_Directions for this task_
Take the lines from the one containing "Сьогодні, 20 грудня, в" through the end of the material and write them out exactly, omitting pictures.

_Given data_
────────────────────────────────────────

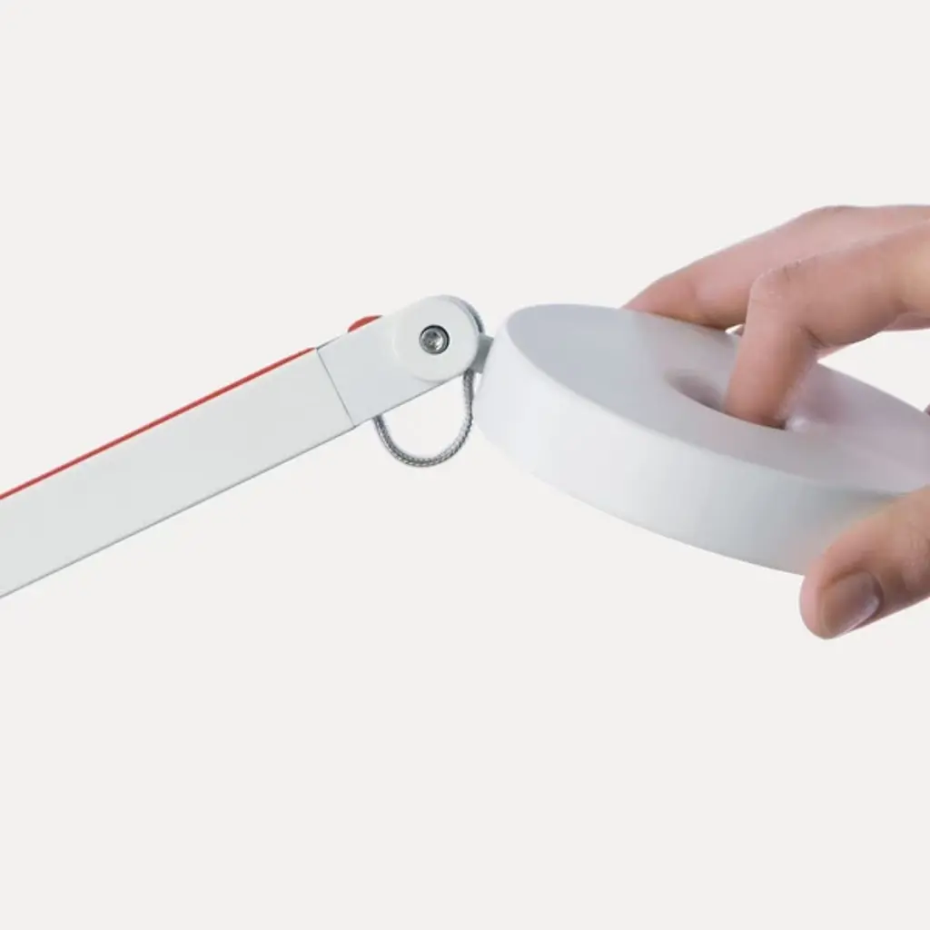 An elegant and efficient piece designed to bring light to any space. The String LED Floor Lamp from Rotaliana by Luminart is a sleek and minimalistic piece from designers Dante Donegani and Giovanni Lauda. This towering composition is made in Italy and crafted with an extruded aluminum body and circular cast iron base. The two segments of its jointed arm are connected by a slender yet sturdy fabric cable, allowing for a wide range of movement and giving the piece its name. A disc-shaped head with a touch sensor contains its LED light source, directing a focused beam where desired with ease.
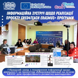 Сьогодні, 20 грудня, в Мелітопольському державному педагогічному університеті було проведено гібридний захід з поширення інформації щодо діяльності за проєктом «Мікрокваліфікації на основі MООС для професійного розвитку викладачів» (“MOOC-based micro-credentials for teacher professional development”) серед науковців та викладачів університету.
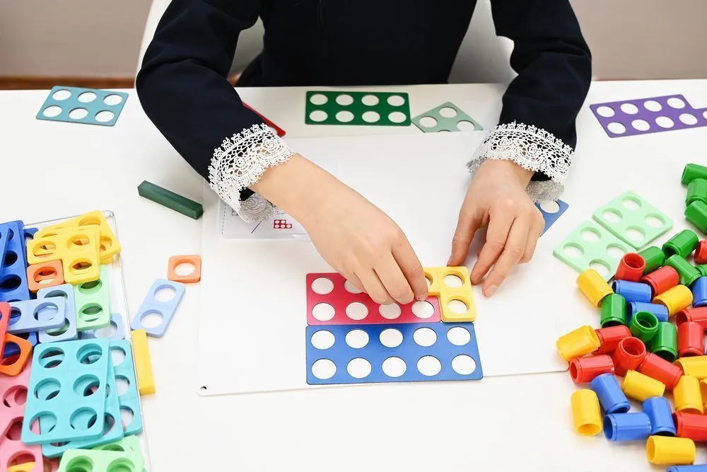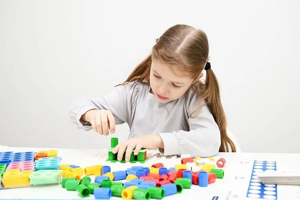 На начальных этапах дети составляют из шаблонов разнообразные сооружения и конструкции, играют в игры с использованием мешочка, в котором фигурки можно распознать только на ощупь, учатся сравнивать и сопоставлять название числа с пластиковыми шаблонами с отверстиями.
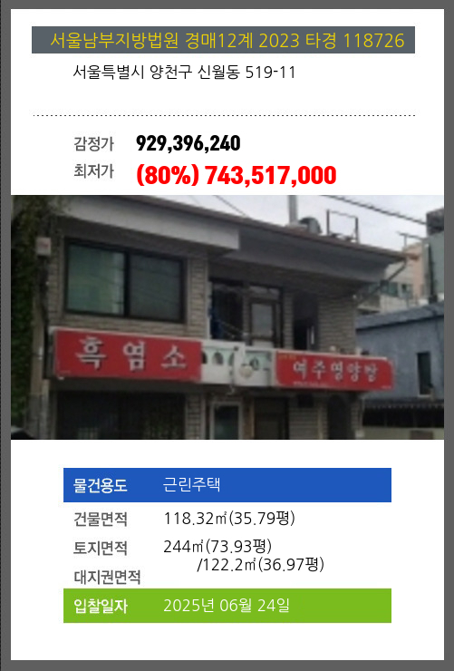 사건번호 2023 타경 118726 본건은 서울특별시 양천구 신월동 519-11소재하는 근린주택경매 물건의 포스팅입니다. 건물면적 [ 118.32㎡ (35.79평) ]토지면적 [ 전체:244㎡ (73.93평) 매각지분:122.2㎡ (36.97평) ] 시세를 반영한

────────────────────────────────────────

_The answer_
 Сьогодні, 20 грудня, в Мелітопольському державному педагогічному університеті було проведено гібридний захід з поширення інформації щодо діяльності за проєктом «Мікрокваліфікації на основі MООС для професійного розвитку викладачів» (“MOOC-based micro-credentials for teacher professional development”) серед науковців та викладачів університету.
 На начальных этапах дети составляют из шаблонов разнообразные сооружения и конструкции, играют в игры с использованием мешочка, в котором фигурки можно распознать только на ощупь, учатся сравнивать и сопоставлять название числа с пластиковыми шаблонами с отверстиями.
 사건번호 2023 타경 118726 본건은 서울특별시 양천구 신월동 519-11소재하는 근린주택경매 물건의 포스팅입니다. 건물면적 [ 118.32㎡ (35.79평) ]토지면적 [ 전체:244㎡ (73.93평) 매각지분:122.2㎡ (36.97평) ] 시세를 반영한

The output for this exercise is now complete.